Cryptocurrency and tax challenges

Cryptocurrencies have been in the news lately, as tax authorities believe they can be used to launder money and evade tax. Even the Supreme Court has appointed a special Investigative Panel on Black Money to recommend trading in such currency. Although China has been banned by some of the largest Bitcoin trading operators, countries such as the US and Canada have laws that restrict cryptocurrency trading.

What is Cryptocurrency?

Cryptocurrency, as the name implies, uses encrypted codes to perform a transaction. These codes are recognized by other computers in the user community. Instead of using paper money, an online account is updated with regular accounting entries. The buyer's account is debited and the seller's account is billed in that currency.

How Do Cryptocurrency Transactions Work?

When a transaction is initiated by a user, his or her computer sends a common password or public key that interacts with the recipient's personal password. If the recipient accepts the transaction, the initiating computer connects a piece of block to a few such encrypted codes that are known to each user in the network. & # 39; Miners & # 39; Customers called additional code can add cryptographic puzzles to the shared blockchain and gain more cryptocurrency during this time. Once a miner approves an operation, the mark on the block cannot be changed or deleted.

BitCoin, for example, can also be used on mobile devices for shopping. All you have to do is allow the recipient to scan a QR code from an application on your smartphone or face them using Near Field Communication (NFC). Note that this is very similar to regular online wallets like PayTM or MobiQuick.

Die-hard users swear by BitCoin's decentralized nature, international acceptance, anonymity, transaction continuity and data security. Unlike paper currency, no Central Bank monitors inflationary pressures on cryptocurrency. Transaction books are stored on the Peer-to-Peer network. This means that each computer chip and database copies of computing power are stored in each such node on the network. Banks, on the other hand, store operational information in central deposits held by the firm's hired individuals.

How can Cryptocurrency be used for money laundering?

Lack of control over cryptocurrency transactions by central banks or tax authorities means that transactions cannot always be labeled with a specific person. We do not know if this tractor is legally acquired. The Transactor's shop is also in doubt because nobody knows what currency is taken into account.

What does the Indian Law say about such virtual currencies?

Virtual Currencies or cryptocurrencies are generally viewed as application pieces and are therefore classified under the Goods Sales Act of 1930.

They can be used for sale or purchase, as well as good, indirect taxes, such as GST on the services provided by the miners.

There is still some confusion as to whether cryptocurrencies in India are currency-friendly, and RBI, which has powers over clearing and payment systems and prepaid negotiation tools, of course, does not permit trading through this exchange.

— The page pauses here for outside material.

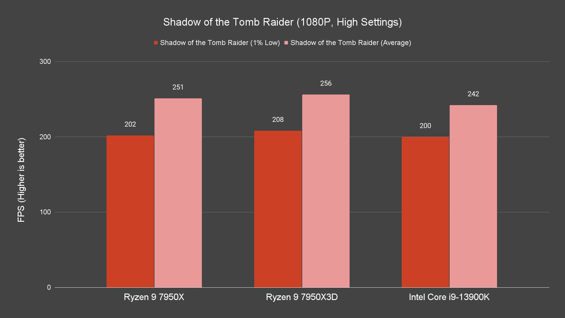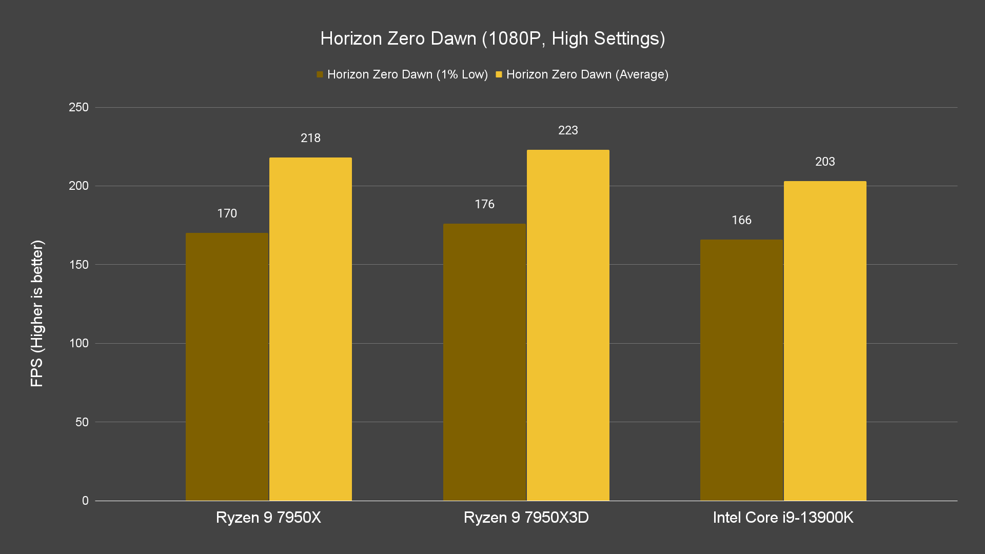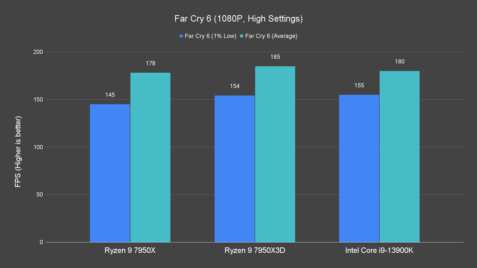 Moving on to the actual game test, just how much performance gain you can get with that 144MB worth of L3 cache? The performance difference is noticeable on 1080P and 1440P resolutions, not only for the average frames but also the 1% low, which is not bad. For the games that we have tested, it’s doing better than both the 7950X and 13900K most of the time. Not exactly great I’d say but the performance improvement is definitely there. There are, of course, games that don’t really benefit at all from the extra L3 cache the 7950X3D has to offer, but for games that can take advantage of that, the 1% low frames are definitely higher.

Any cryptocurrencies acquired by a resident in India will thus be subject to the Foreign Currency Management Act 1999, as it imports goods into that country.

India has allowed BitCoins to trade with tax evasion or money laundering activities and special safeguards to comply with your customer's standards in Private Exchange transactions. These exchanges include Zebpay, Unocoin and Coinsecure.

For example, those investing in BitCoins are responsible for the dividends earned.

Capital gains resulting from the sale of securities related to virtual currencies also need to be taxed as income and then require the submission of IT documents online.

If you have a large investment in this currency, it's better to get personalized tax help. Online platforms have long simplified the tax compliance process.